The other thing I'll say is, very early on, we brought on a CISO and got our SOC 2 type of compliance and all the right certifications, because again, with something like this, you only get one chance, right? If you really care about the consumer's well being, which we do, then securing that data in a way that leads the market is really critical for us. That's one piece around how we think about the future of the business.
This market is so competitive from a talent standpoint. But candidly, I think our team has done an incredible job really building the cultural foundation for massive growth and success down the line. I think it's because we've been very intentional from the get go about how we think about our culture. To give you an anecdote: my two co founders, Curtis and Anish, and I interviewed over 60 to 70 engineers before we made our first three hires. It was a painful amount of time doing so but we thought it was well worth it. Because given our prior experiences, we knew that the company is nothing without the people that are there, and the early people have an excess impact on that culture.

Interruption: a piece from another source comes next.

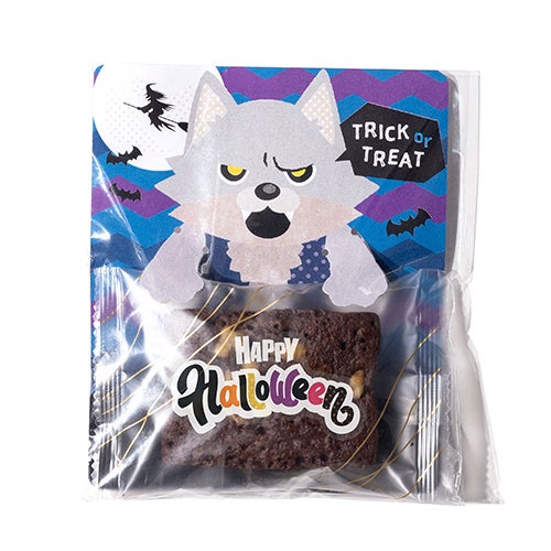 立体感のあるデザインが特長のプチお菓子。オオカミ男、ジャックオーランタンがお菓子を大事そうに抱えてあなたにプレゼントします。

Even though we met with a lot of exceptional engineers, technically, we really wanted to reach people who are a great cultural fit. And what I mean by that specifically is, there are key tenets that we really focus on that we think are predictors of success. I think there are four really big pieces. One is what we call grit, which is basically are you willing to run through walls and accomplish your goals? Two is resourcefulness. I think some people might call this scrappiness. But basically, are you able to see problems and figure out the solution versus sitting there seeing a problem and then complaining that the problem was there, but you aren't able to actually solve for it on your own? Three is natural curiosity, which I personally have found to be the biggest differentiator between good and great operators. It's like, how willing and deep are you willing to go on any problem? The folks who go deeper are the ones who inevitably understand how the product and the system really work, and are able to find those secrets and hidden gems that really allow you to differentiate yourselves across a long timeline.

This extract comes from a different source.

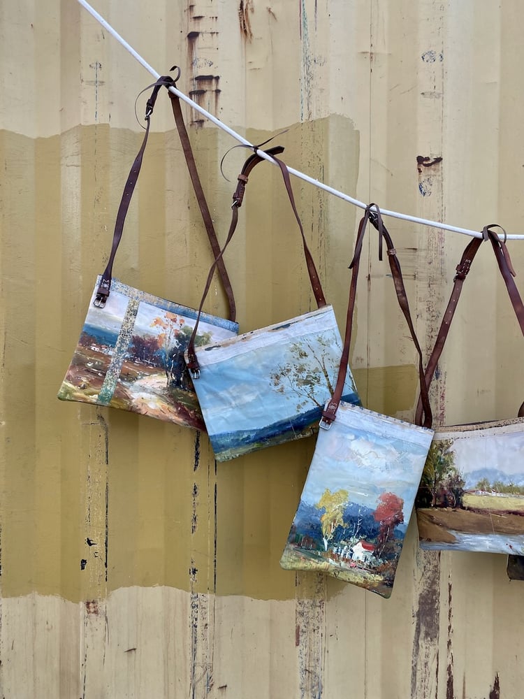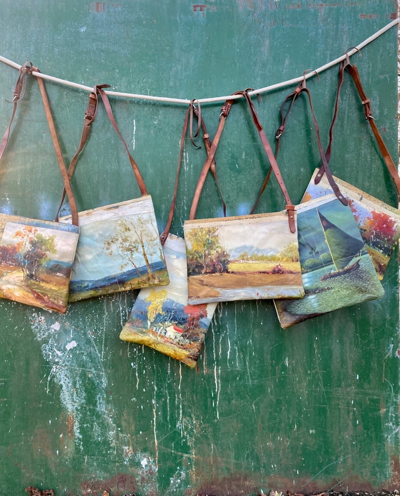 A SERIES OF UNIQUE, LEATHER HANDLED CARRY BAGS MADE BY HAND USING VINTAGE OIL PAINTINGS SOURCED EXCLUSIVELY FROM MARKETS IN HOLLAND AND BELGIUM. EACH BAG TELLS ITS OWN STORY THROUGH THE JUXTAPOSITION OF TIMEWORN PAINTED CANVASES, MAKING EACH ONE A DISTINCTIVE PIECE OF FUNCTIONAL, WEARABLE ART. THIS SERIES OF CARRY BAGS ARE STRONG, VERSATILE AND SPACIOUS, AND ARE DESIGNED TO SHOW SIGNS OF WEAR WITH USE & AGE SO THAT THEIR STORIES LIVE ON.

And then, last but not least, there's this really interesting idea that the Collison brothers at Stripe really pioneered, which is this idea of craftsmanship, or I guess, craftspersonship. And it's this idea that not only do you take great pride in your work, but there's this certain care that you take, where you truly feel like the product or the output of your work is a reflection of yourself. It's everything from being detail oriented to going that little extra step. Because you know that what you're putting out, you care so deeply about it. I think, above all else, the thing that I'm most proud of is everyone on on this team cares so deeply about what we do, how we do it and how well we do it. We see that what we do can actually lead to a tangibly better financial system and tangibly better financial outcomes for those who really need it.